What is the performance impact of using SQL Server Full-Text Search?

SQL Server Full-Text Search can have a significant impact on performance, especially if you’re searching large amounts of data. However, you can mitigate this by carefully designing your full-text index and regularly maintaining it.

How can I improve the performance of my SQL Server Full-Text Search?

There are several ways to improve the performance of your SQL Server Full-Text Search. These include optimizing your full-text index, limiting the number of rows returned by your queries, and using a CONTAINSTABLE or FREETEXTTABLE function to rank the results of your search.

Can I use SQL Server Full-Text Search with other languages?

Yes, SQL Server Full-Text Search supports multiple languages. You can specify the language when you create your full-text index.

How does SQL Server Full-Text Search handle noise words or stop words?

SQL Server Full-Text Search ignores noise words or stop words, such as ‘the’, ‘is’, ‘and’, etc.
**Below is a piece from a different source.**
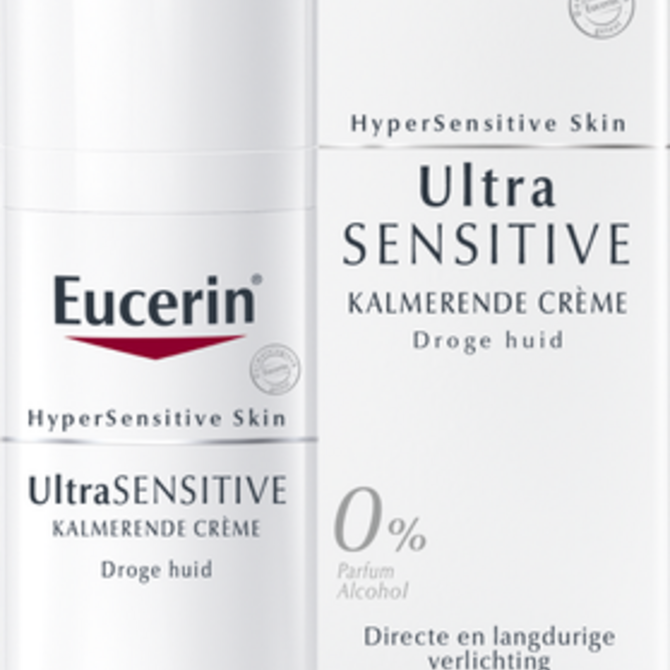 Eucerin UltraSENSITIVE Kalmerende Crème Droge huid wordt aanbevolen voor de overgevoelige huid waar het belangrijkste symptoom een onaangename huid is met een brandend, stekend gevoel of jeuk, maar zonder zichtbare tekenen van roodheid. Aangebracht na re

These words are filtered out during the indexing process to improve performance.

Can I customize the list of noise words or stop words in SQL Server Full-Text Search?

Yes, you can customize the list of noise words or stop words in SQL Server Full-Text Search. You can add or remove words from the stoplist as per your requirements.

How can I troubleshoot issues with SQL Server Full-Text Search?

SQL Server provides several tools and techniques to troubleshoot issues with Full-Text Search. These include using the Full-Text Indexing Wizard, checking the error logs, and using the sys.dm_fts_index_keywords system function to view the keywords in your full-text index.